Chi sono i beneficiari del corso? Si rivolge soprattutto ai cacciatori, agli appassionati di caccia agli ungulati (in primis il cinghiale ovviamente), a condizione che siano residenti nei comuni dell’ATC di Latina. Inoltre, sono fondamentali anche altri requisiti. Ad esempio, i partecipanti non devono avere procedimenti in corso in merito a illeciti amministrativi e non devono aver riportato condanne per reati che sono collegati alla caccia.

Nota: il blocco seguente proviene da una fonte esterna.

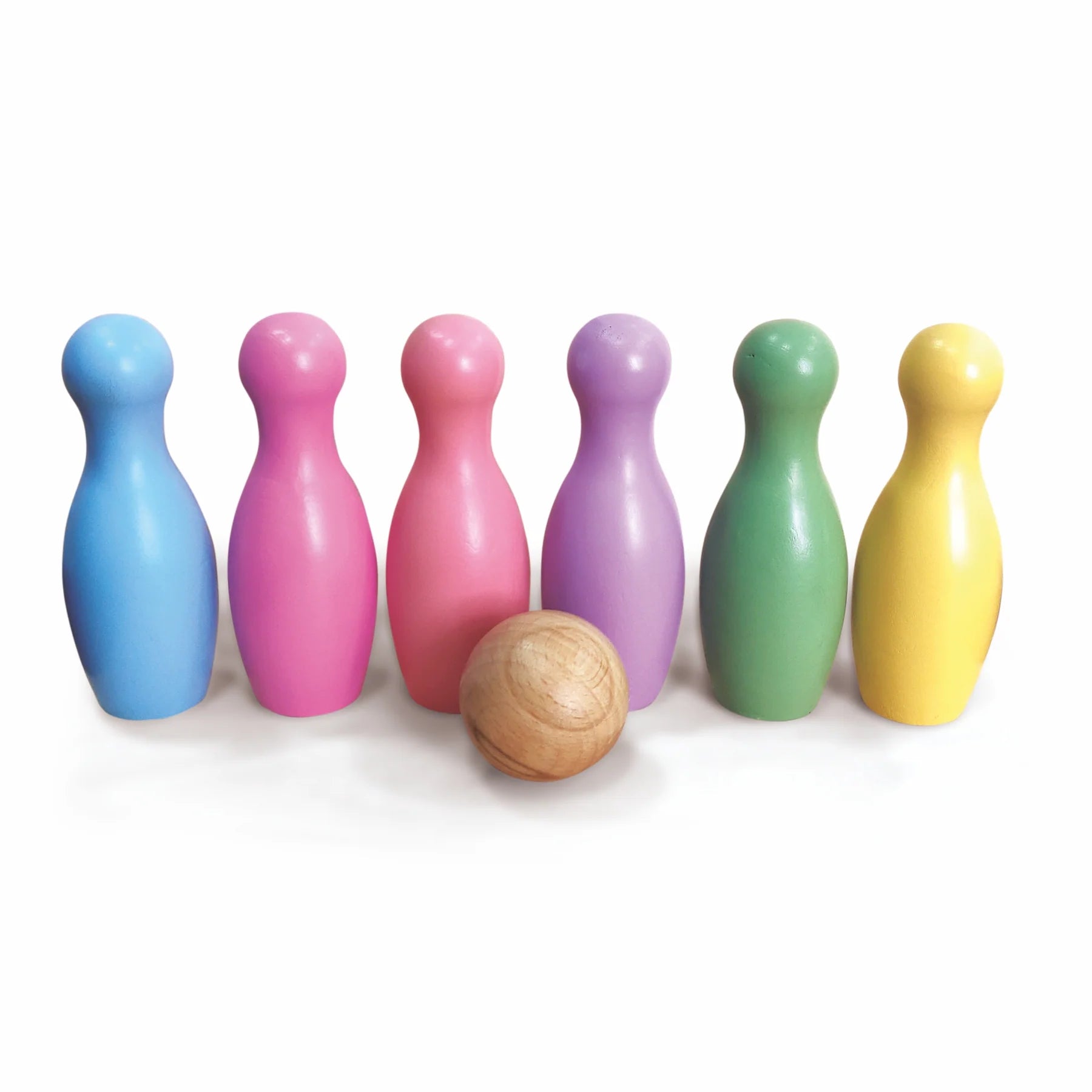 This Wooden Bowling Pin Set is a great setup for fun and excitement. The set includes six bowling pins in sweet pastel colours, along with a ball that glides smoothly. They stimulate active movement as well as skill development while allowing children to practice their aim, coordination, and turn-taking, all the while.

Stesso discorso vale per le condanne per delitti contro il sentimento per gli animali (anch’esse devono essere assenti), senza dimenticare il possesso del porto d’armi (uso caccia) in corso di validità e la disponibilità alla collaborazione alle attività di gestione faunistica che saranno organizzate dalla Provincia di Latina e dall’ATC. Verranno ammessi anche cacciatori residenti in provincia di Latina, nella regione Lazio e in quelle limitrofe, fino al completamento del numero massimo di posti.

La domanda va presentata tramite posta ordinaria o consegnata a mano entro e non oltre il prossimo 29 febbraio. Una apposita commissione fermerà il numero degli ammessi a 50: il contributo per la partecipazione ai due corsi è di cinquanta euro. I giorni scelti per lo svolgimento sono il venerdì (dalle 15 alle 20, lezione teorica), il sabato mattina e pomeriggio (lezione teorica) e domenica mattina e pomeriggio (lezione pratica e teorica).

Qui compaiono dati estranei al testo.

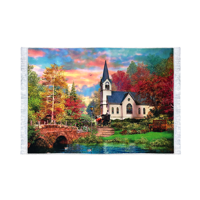 تابلو فرش طرح منظره کلبه یکی از نمونه های چاپ سطحی یا سابلیمنشن میباشد
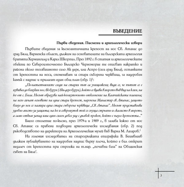 Тази книга е създадена в рамките на проект „Консервация, реставрация, експониране и социализация на антично селище и късноантична крепост на нос Св. Атанас и превръщането им във водеща туристическа атракция на територията на Община Бяла, обл. Варна“ финансиран по ОП „Регионално развитие“ 2007 – 2013 г.
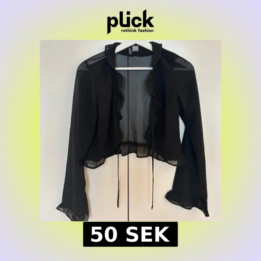 Säljer en svart transparent topp, storlek 36. Toppen har långa ärmar, volangkant längs öppningen och knytband framtill.
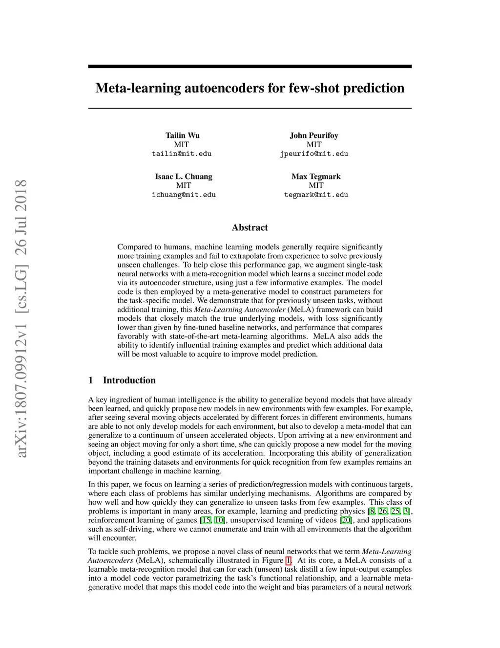 Compared to humans, machine learning models generally require significantly more training examples and fail to extrapolate from experience to solve previously unseen challenges. To help close this performance gap, we augment single-task neural networks with a meta-recognition model which learns a succinct model code via its autoencoder structure, using just a few informative examples. The model code is then employed by a meta-generative model to construct parameters for the task-specific model. We demonstrate that for previously unseen tasks, without additional training, this Meta-Learning Autoencoder (MeLA) framework can build models that closely match the true underlying models, with loss significantly lower than given by fine-tuned baseline networks, and performance that compares favorably with state-of-the-art meta-learning algorithms. MeLA also adds the ability to identify influential training examples and predict which additional data will be most valuable to acquire to improve model prediction.

Gli argomenti che verranno trattati sono moltissimi, dunque se ne possono citare alcuni tra i più importanti. In particolare, ci sarà un inquadramento specifico dei cinghiali e degli ungulati, i sistemi di sviluppo della caccia a questi animali (in primis la girata), il prelievo venatorio, i vari sistemi di caccia a confronto (collettiva e individuale), il comportamento alle poste e l’etica venatoria. Non mancherà una lezione pratica all’esterno con tanto di addestramento, oltre all’esame finale per ottenere l’attestato.